As a child one of my favorite shows on television was the Cosby Show. It represented so many ideologies I wanted to have in my own family. Their family had all the nuances which seemed to be necessary for a healthy happy family. This isn't a post about the infamous and beloved fictitious family from the '80s but rather how their storyline breed hope about the possibilities. Yes we often saw ourselves in the roles of either member of the family however life's reality would reel us back into where we lived daily far, far, far from the melodies, and teachable moments in the Brooklyn Brownstone.
In a home full of love and siblings, I admired the strength it took my mother to raise us to be true to our individualities as we maintained interconnectedness. She'd say "I have some of worst best children ever." When I became an adult she told me this meant although she'd encouraged our own divine pathways it was tough on her being all we needed her to be all the time. She did it so well with a smile on face and prayer on her tongue.
When I became a parent I wanted to emulate my mother. This was the best way to pay homage and honor all her sacrifices for us. I worked hard to not repeat mistakes she beckoned me not too. But there was one thing I repeated and it wouldn't fall up under failure but rather success albeit bittersweet. My mother had gifted me with the liberated freedom to fly free and soar high. Even though it frightened her she still encouraged me to chase after my dreams and fight for my goals knowing they would take me from home, very, very, far from home. I’ve spent most of my adulthood living away from my mother. I was maturing as an adult and parent in the earshot of her voice but far from her loving hugs.

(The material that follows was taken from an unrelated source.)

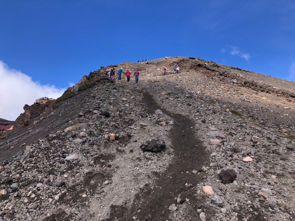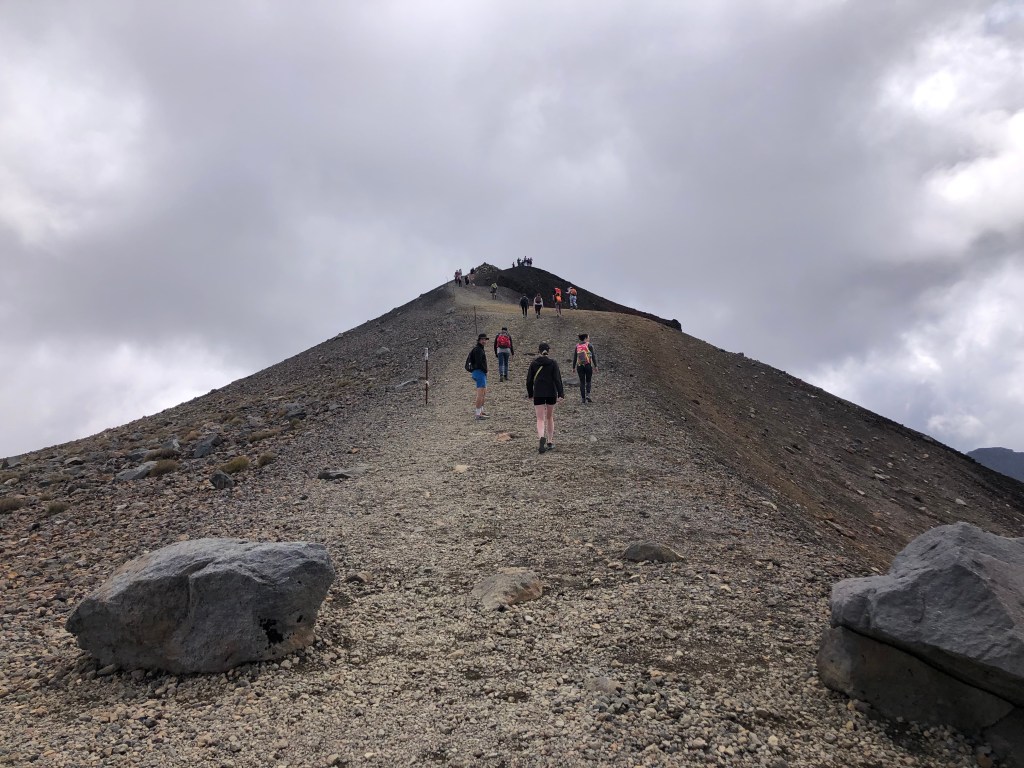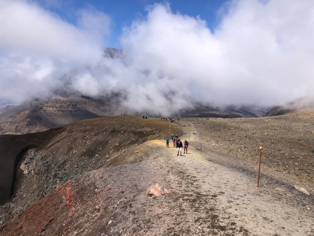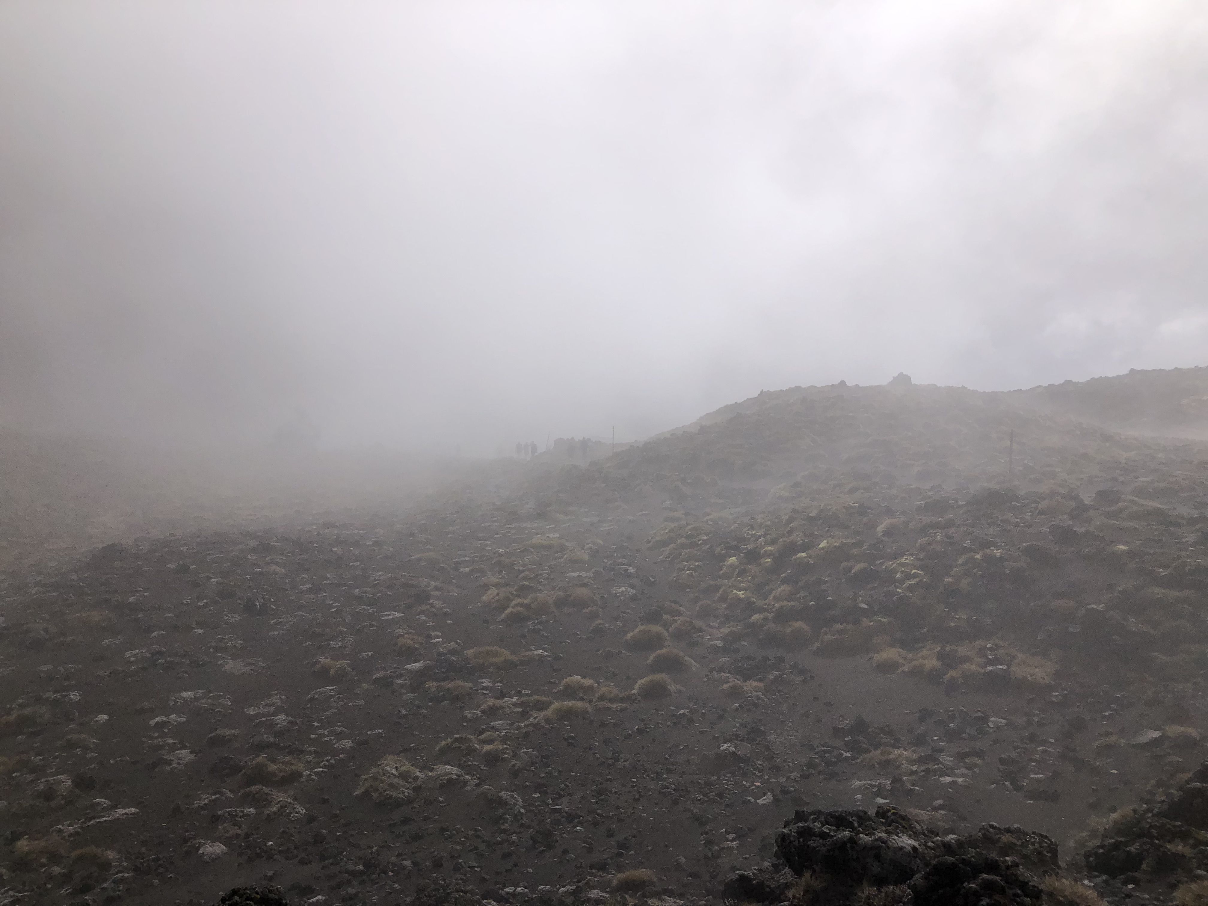 Fast oben am Plateau des South Craters angekommen, und es klarte etwas auf.Hin und wieder gab es einen Fetzen blauen Himmel und die Sonne kam heraus.Ausblick vom South Crater, bevor es hinauf zum Red Crater ging. Der letzte große Anstieg hinauf zum Red Crater.Der Red Crater – an irgendetwas erinnert mich das… 😉Die Sonne kam heraus! Und endlich konnte man auch den Schicksalsberg im Hintergrund sehen!Fast wie eine Mondlandschaft!

In a series of unplanned and many unfortunate incidents I found myself back in the town I’d prayed so hard to get far and stay away from. Truthfully I came back kicking, screaming, and crying. But this space was exactly what my children needed to transition from childhood to young adulthood.
In a scene from our beloved fictitious ‘80s family the second oldest daughter returned home with a child who was preparing for the first day of preschool. This young new mother was explaining to the matriarch of the family how she was worried about her daughter’s first day of preschool. The somber scene is quickly interrupted with her daughter dashing down the stairs rushing quickly to the front door to eagerly exit for her big first day of preschool. Her mother is floored by her daughter’s exuberance all while coming to the conclusion this is just of one many fleeting moments to come.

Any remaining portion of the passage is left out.